EXERCISE DESCRIPTION:
Please reproduce exactly, and only, the lines from the one with "This amazing 3" through the last line of the listing below, both ends included, leaving out the pictures.
(GIVEN ENTRIES)
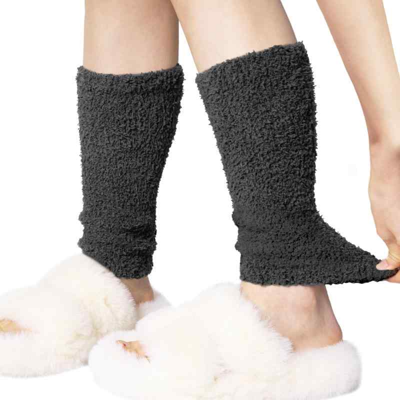 日本製 遠赤外線放射素材 裏起毛レッグウォーマー もこもこソックス ロング丈 フットカバー ロングカバー 冷えとり冷え取り靴下 ソックス 就寝 冷え性 グッズ フットウォーマー グレー EL03
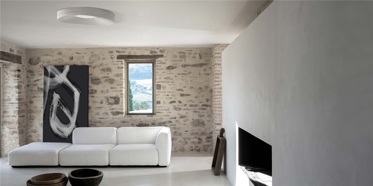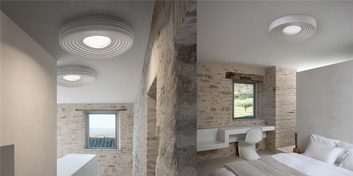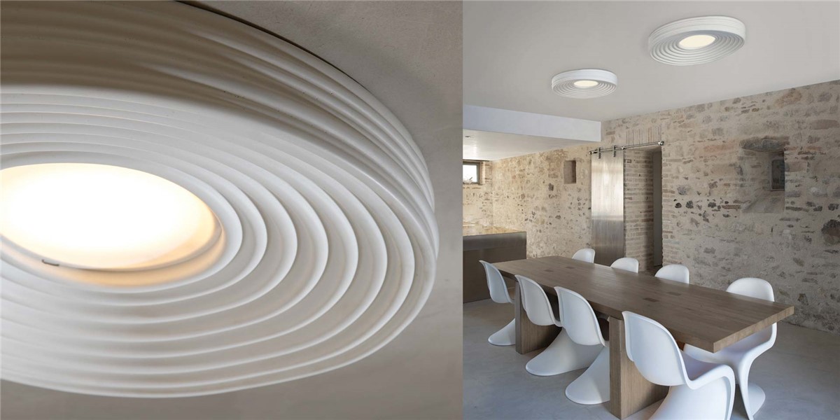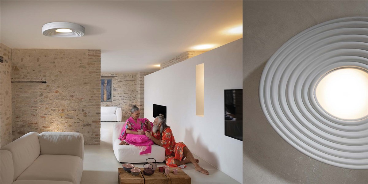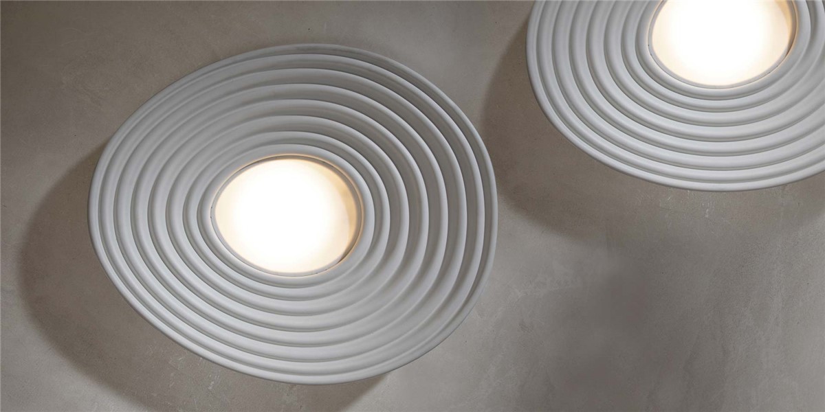 This ceiling light is made of matt white plaster and allows the user to redifine spaces in the house in a whirlpool of materials designed by light. A central fulcrum ensures direct illumination, which propagates and reflects concentrically on the lamp’s surface.
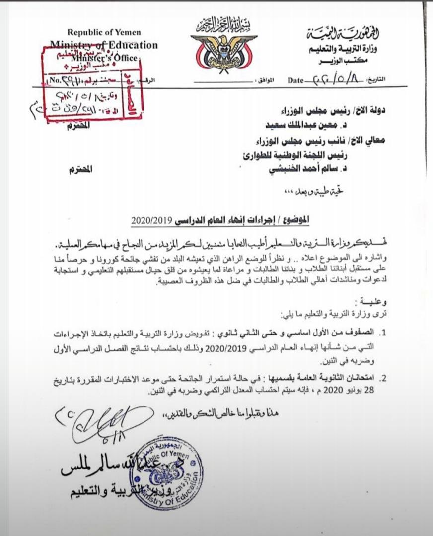 وتضمنت المذكرة المرفوعة من وزير التربية والتعليم الدكتور عبدالله لملس ،إلى رئيس الوزراء ونائبه، السبت، تضمنت مقترح بالإجراءات التالية:
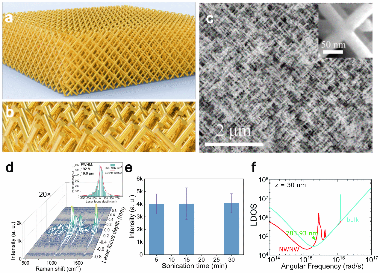 圖:具有聚焦容忍性和結(jié)構(gòu)穩(wěn)定性的三維金納米網(wǎng)格SERS襯底:a-b基于離子徑跡技術(shù)制備的三維金納米線網(wǎng)格模型;c金納米線網(wǎng)格實(shí)物的掃描電鏡照片,納米線直徑為35 nm;d 三維襯底在20倍物鏡下能夠在離焦范圍192.8±19.6 μm內(nèi)保持50%的SERS信號(hào);e 超聲水應(yīng)力環(huán)境SERS穩(wěn)定性測(cè)試,在30分鐘超聲后仍能保持信號(hào)穩(wěn)定;f 有效介質(zhì)模型反映出納米線網(wǎng)格結(jié)構(gòu)在激發(fā)光附近的高局域態(tài)密度。
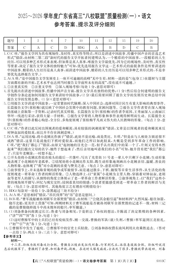 广东省2025~2026学年度高三“八校联盟”质量检测(一)语文答案.pdf
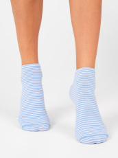 Женские полосатые носочки. Мягкая хлопковая основа создает ощущения лёгкости и комфорта, а добавление синтетических нитей усиливает устойчивость от износа. Яркий полосатый рисунок модели непременно сделает носки стильным атрибутом вашего гардероба.
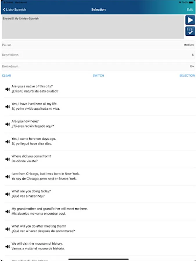 Unlike any other language learning app, Encore!!! gives the freedom to decide what to hear, how many times and how much pause is needed between entries.
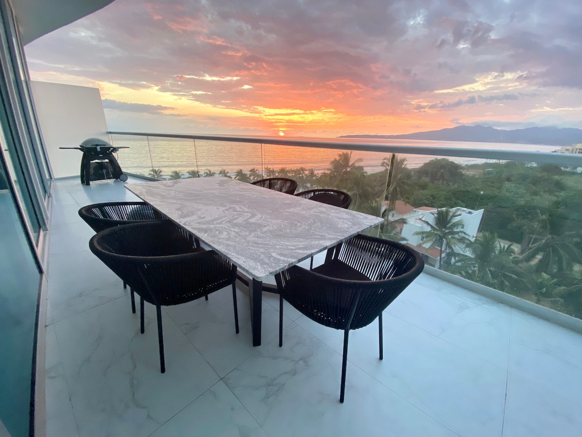 This amazing 3 bdrm, 3.5 bath aptm is on corner of the 8th floor of the oceanfront-beach access sayan Beach which has the best rooftoop in all puerto vallarta, There are big white marble floors throughout the Apartment with surround bose sound, high speed internet, 4 tvs, Dish Usa, Vitra and RH furniture, spectacular views to the bay and los muertos beach, the building has 3 pools on the lobby plus an infinite pool on the rooftop, 2 jacuzzies, sauna room, massage room, and paddle tennis court.
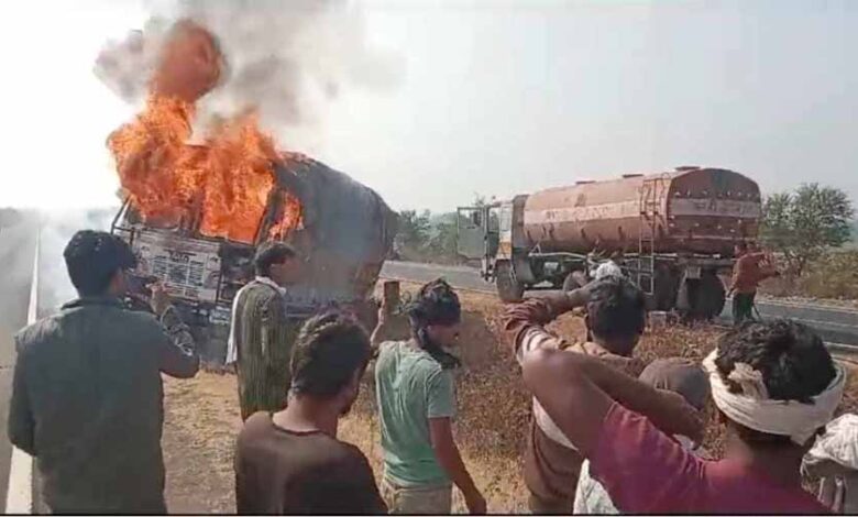 गुना में बड़ा हादसा टला, चलते ट्रक में अचानक लगी आग
(End GIVEN ENTRIES)
TASK RESULT:
 This amazing 3 bdrm, 3.5 bath aptm is on corner of the 8th floor of the oceanfront-beach access sayan Beach which has the best rooftoop in all puerto vallarta, There are big white marble floors throughout the Apartment with surround bose sound, high speed internet, 4 tvs, Dish Usa, Vitra and RH furniture, spectacular views to the bay and los muertos beach, the building has 3 pools on the lobby plus an infinite pool on the rooftop, 2 jacuzzies, sauna room, massage room, and paddle tennis court.
 गुना में बड़ा हादसा टला, चलते ट्रक में अचानक लगी आग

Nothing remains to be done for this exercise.